5. Assists per game and Turns per game

a. Make a plot that compares turns per game and assists per game. Then label the names of players in the top 10 for assists using geom_text().

```{r}
top_10_assists <- ultimate_full |> arrange(desc(Assists)) |> slice(1:10)


ggplot(data = ultimate_full, aes(x = ast_per_game, y = turns_per_game)) +
  geom_point(color = "skyblue4") +
  geom_text(data = top_10_assists, aes(label = player))

## Could also color = division

ggplot(data = ultimate_full, aes(x = ast_per_game, y = turns_per_game)) +
  geom_point(aes(color = division)) +
  geom_text(data = top_10_assists, aes(label = player))
```


b. Based on this plot, should any of the players in the top 10 for assists throw the disc less because of their turnover frequency?

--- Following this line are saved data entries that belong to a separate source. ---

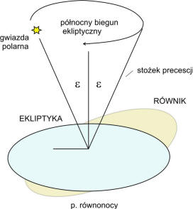 We wspomnianej pracy poznaliśmy też geometrię sfery niebieskiej, stosowane układy współrzędnych i wzory trygonometrii sferycznej. Dla początkującego astronoma wystarczy przeświadczenie, że w układzie horyzontalnym i godzinnym współrzędne rozpatrywanych obiektów na ogół zmieniają się (są związanie z obserwatorem). Tylko w układzie współrzędnych równikowych równonocnych mamy do czynienia z subtelnymi zjawiskami, powodującymi powolne zmiany (roczne i wiekowe) rektascensji i deklinacji.
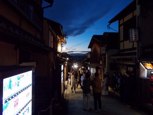 すっかり暮れて、開門時間に間に合わなかった法観寺、八坂の塔。
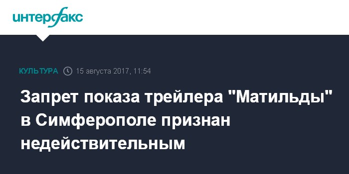 Москва. 15 августа. INTERFAX.RU - Предостережение прокуратуры Симферополя, запретившей кинотеатрам города показывать трейлер фильма Алексея Учителя "Матильда", признано недействительным, сообщил прокурор Крыма Олег Камшилов.
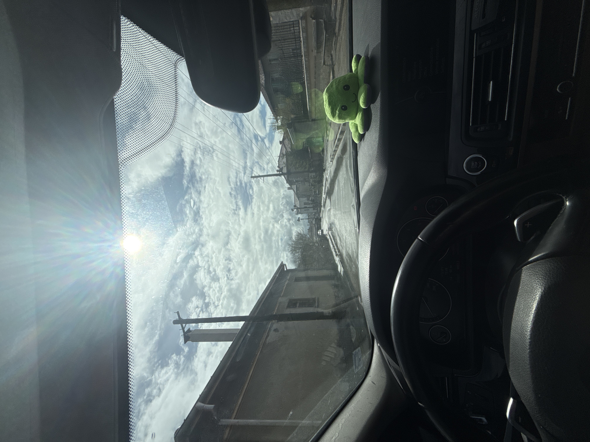 The image depicts an interior view from the driver's seat of a car, looking out through the windshield. Outside, the scene shows a street in Dobrich, Bulgaria with buildings, utility poles, and cloudy sky. The sun shines brightly, causing lens flare on the windshield. A green octopus plush toy sits on the dashboard. The car's steering wheel, dashboard, and other interior features are visible.
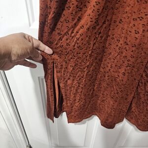 This elegant sleeveless dress features a rich brown color, perfect for any occasion. Its simple yet sophisticated design makes it a versatile addition to your wardrobe.The Garnet Hill maxi dress is a sleeveless, dress with a black animal print. It features a surplice V-neck with a button closure and an elasticized waist. The dress is made from a lyocell-spandex blend and is lined to the knees. It also has a side slit at the hem. The dress is described as being in excellent condition. {Box21}
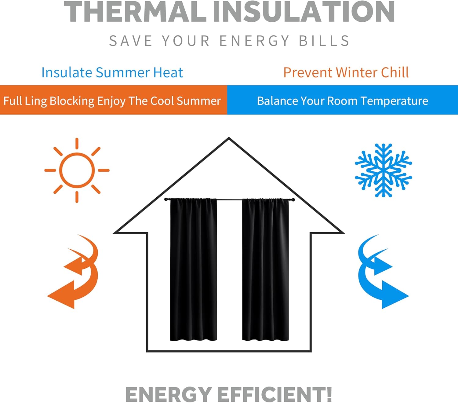 • LIGHT BLOCKING - Curtains block 85-95% sunlight and UV rays (Dark color works better) for maximum privacy and undisturbed sleep. Thermal property of the blackout curtains ensure that the room temperature is regulated. Protect your indoor furniture from directly exposing to the sun.
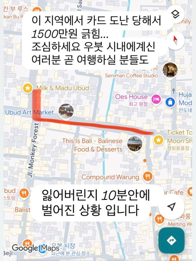 전혜빈은 1일 자신의 SNS에 “이 지역에서 카드 도난당해서 1500만 원 긁힘”이라며 피해 사실을 알렸다. 함께 올린 게시물에는 발리 우붓 지역의 지도 캡처 사진이 담겼다. 사진=전혜빈 SNS. 그는 “조심하세요. 우붓 시내에 계신 여러분, 곧 여행하실 분들도”라고 주의를 당부하면서 “잃어버린 지 10분 안에 벌어진 일”이라고 덧붙여 충격을 안겼다.

Claire Lee, Jolie Krebs, and Juliana Galian all have more Turns per game than assists per game, so perhaps they should throw the disc less. Jacob Felton has about an equal number of both.



6. Comparing Turns by Division

a. Make a plot comparing turns by division. Are there any differences between the divisions?

```{r}
ggplot(data = ultimate_full, aes(x = division, y = Turns)) +
  geom_boxplot(aes(color = division))
```

D3 Women tend to have more turns than other divisions, along with a larger spread of outliers, D1 Women have more turns than the Mens divisions but less than D3 Women. The Mens divisions are pretty similar in distribution of turns.

b. Label the names of players that are top 10 in assists. What does a high assist total indicate about your turnover rate?

```{r}
ggplot(data = ultimate_full, aes(x = division, y = Turns)) +
  geom_boxplot(aes(color = division)) +
  geom_text(data = top_10_assists, aes(label = player))
```

Players with a high assist count all tend to be outliers in the Turnover category. They likely are handlers who throw the disc significantly more than most other players. More throws mean more opportunites to assist, but more opportunities to create a turnover.


7. Plot turns vs. plus minus and describe the relationship.

```{r}
ggplot(data = ultimate_full, aes(x = plus_minus, y = Turns)) +
  geom_point(color = "skyblue4")

## This is a moderate negative linear relationship. 
## Not a very strong relationship, but there is definitely
## a correlation between large amounts of turnovers and a lower plus/minus.
```


8. Points and Ds across divisions

a. Make a bar plot with the top 15 point scorers in order using reorder if necessary. Group by division and note how the players are distributed across divisions.

```{r}
top_15_points <- ultimate_full |> arrange(desc(Points)) |> 
  slice(1:15) |> mutate(player = reorder(player, Points))

ggplot(data = top_15_points, aes(y = player, x = Points)) +
  geom_col(aes(fill = division))

## The distribution of divisions for points is fairly balanced with every division included
```

b. Make the same bar plot with the top 15 players in Ds and compare the distribution of divisions.

```{r}
top_15_ds <- ultimate_full |> arrange(desc(Ds)) |> 
  slice(1:15) |> mutate(player = reorder(player, Ds))

ggplot(data = top_15_ds, aes(y = player, x = Ds)) +
  geom_col(aes(fill = division))


## Points is fairly balanced, with every division included while Ds only has the women's divisions, with D3 taking 11 of the top 15 spots.
```


9. Offensive Dominance

a. Make a table with the sum of plus_minus for each division. 
```{r}
ultimate_full |> group_by(division) |> 
  summarise(tot_plus_minus = sum(plus_minus))
```


b. Plus Minus is only counted for points where a player starts on offense. If the offensive team scores they get +1, if the defensive team scores, the offensive players get -1. Based on how they are calculated, what do the total plus minus numbers say about the dominance of offense in each division?

In Division 1 Men, the offense is very dominant and scores much more often than the defense. Division 1 Women and Division 3 Men are similar where the offense is still very efficient and score much more than the defense. In Division 3 Women, the defense has a slight edge in plus_minus, meaning that teams on offense scores on slightly less than half of all points in this division. We can see this in both the Ds statistics and the Turns statistic, where Division 3 Women have the lead in both categories. This makes for very back and forth games when two teams are defensively strong and slightly weaker at offense.